# Компьютерные технологии > Железо (hardware) > Общие вопросы >  Отдам в хорошие руки :-)

## troublya

Отдам в хорошие руки принтер canon s450.В данный момент печатает только черным, но, если поменять печатающие головки, будет цветной. Головку для черного картриджа меняла 4 месяца назад. Короче, если руки откуда надо, то он еще поработает, мне он просто не нужен так как я редко печатаю, а чернила засыхают. Самовывоз из Бирюлево (г. Москва). В нагрузку отдам краску и картрижи (черные).
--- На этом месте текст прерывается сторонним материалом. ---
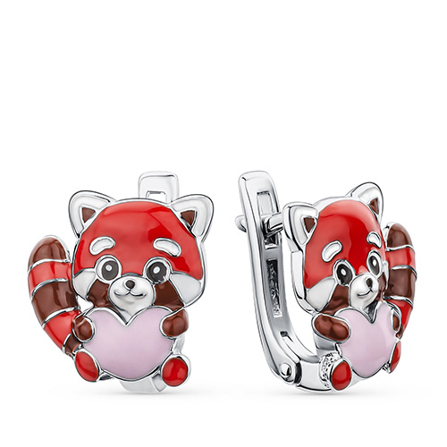 Серьги детские из серебра с эмалью и фианитом и золочением

Пишите в аську (287-757-028), а то я его точно выкину.

----------


## SMARTER

:rolleyes: Ынтэтэсно - за большое человеческое спасибо отдашь, или за большую символическую плату?:rolleyes: 
Поясни пжалста.:)

----------


## Nep

ыыы.
ещё одну боянную тему достали из бездны :)

можно тут устроить тоже самое  что и с мотороллером :)

типа:
какие предьявы?
я просто разметил обьяву :)))

----------


## SMARTER

> ыыы.
> ещё одну боянную тему достали из бездны :)
> 
> можно тут устроить тоже самое что и с мотороллером :)
> 
> типа:
> какие предьявы?
> я просто разметил обьяву :)))


Я тут по Баяну в поисковике прошёлся. Про мотороллеры ниче нет. ;)

----------


## SMARTER

Оффтопку эту оставим?:)

----------


## Nep

угу, оставим по любому :)

вот боян про мотороллер...
редко кто дочитывал до конча ветки :)))

http://www.moto.kiev.ua/forum/?fname...393539473&vp=0

----------


## SMARTER

Дочитать до конца четыреста с лишним сраниц, где на странице не меньше пятнадцати постов. Редкий человек дочитает.;) ;) :D

----------


## SMARTER

В этом бояне оказываеццо Пушкиных и Лермонтовых до фига;);):D

----------


## SMARTER

Знаешь НЭП этот твой

----------


## Nep

:))
я рад, что тебе понравилось :)))
сам захожу периодически настроение поднять себе...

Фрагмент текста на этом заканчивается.